NONLINEAR ADAPTIVE OBSERVATION OF AN EXOTHERMIC STIRRED-TANK REACTOR

Nonlinear control of an exothermic stirred-tank reactor has been previously demonstrated using a number of techniques, including nonlinear static state feedback and output feedback using observers. This paper considers the task of adaptive observation. It is shown that an adaptive observer for concentration can be constructed for an arbitrary order reaction system when only temperature measurements are available. An adaptive observer is constructed to identify the pre-exponential Arrhenius constant and to provide on-line estimation of the unmeasured reactant concentration for a global nonlinear state-feedback controller. The reaction system is transformed into a time-varying adaptive observer canonical form (AOCF) which is linear in the unknown observer states and adaptive parameters. The AOCF was proposed by Bastin and Gevers, who have provided sufficient conditions for its stability.

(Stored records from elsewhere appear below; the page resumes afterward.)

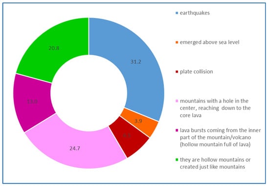 Another interesting concept is that volcanos form just like mountains (20.8%), while just previously we recorded students’ ideas attributing volcanos to earthquakes and vice versa. These perplexing concepts confirm the confusion that prevails in students’ conceptual frame as far as mountain, volcano, and earthquake formation are concerned and their struggle to manage within the context of causal procedures. Additionally, it is not accidental that this 20.8% approximates the 24.7% in the previous paragraph supporting the influence of wrong definitions.
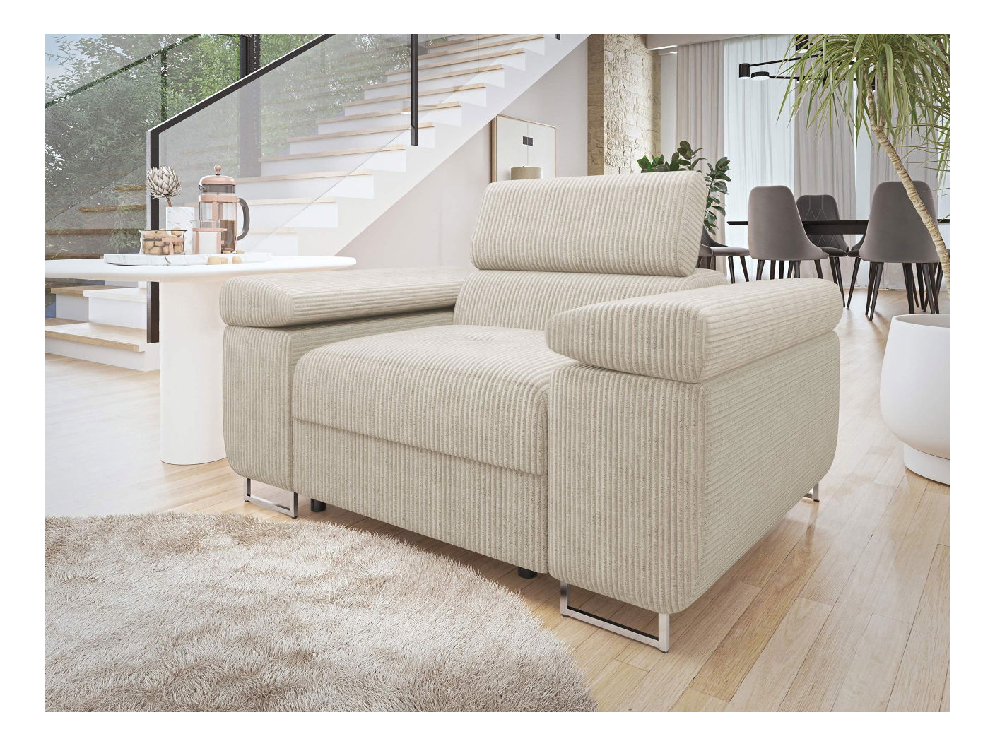Moderní křeslo Terazuro 1 S je základem pro relaxační část domu. Potah z manšestru umocňuje pocit tepla a útulnosti v okolí. Symetrické drážky navíc dokonale splynou s jakýmkoli dekorem – ocení je zejména interiéry zařízené v rustikálním, skandinávském a moderním klasickém stylu. Křeslo Terazuro 1 S lze umístit také v kanceláři, recepci či domácím čtenářském koutku. Umístěno v blízkosti police s knihami zajišťuje pohodlí a klid při relaxaci s vaší oblíbenou knihou. Při pohodlném sezení si v něm užijete také sledování filmu či nové epizody naší oblíbené série.
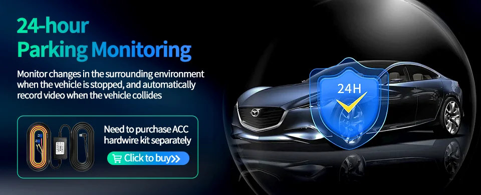 Monitor changes in the surrounding environment when the vehicle is stopped, and automatically record video when the vehicle collides(Need to purchase ACC hardwire kit separately)

It is shown that the sufficient conditions on the structure of the system and on the signals for global stability of the observer are satisfied by the reaction system, thereby admitting the construction of the adaptive observer for an arbitrary order reaction. Proper choice of observer gains is crucial for an acceptable rate of convergence. Simulations show that the combined observer/controller provides satisfactory closed-loop behavior when the observer time constant is approximately 4 times smaller than the closed-loop time constant. It is also shown why certain transformations result in better adaptive observers.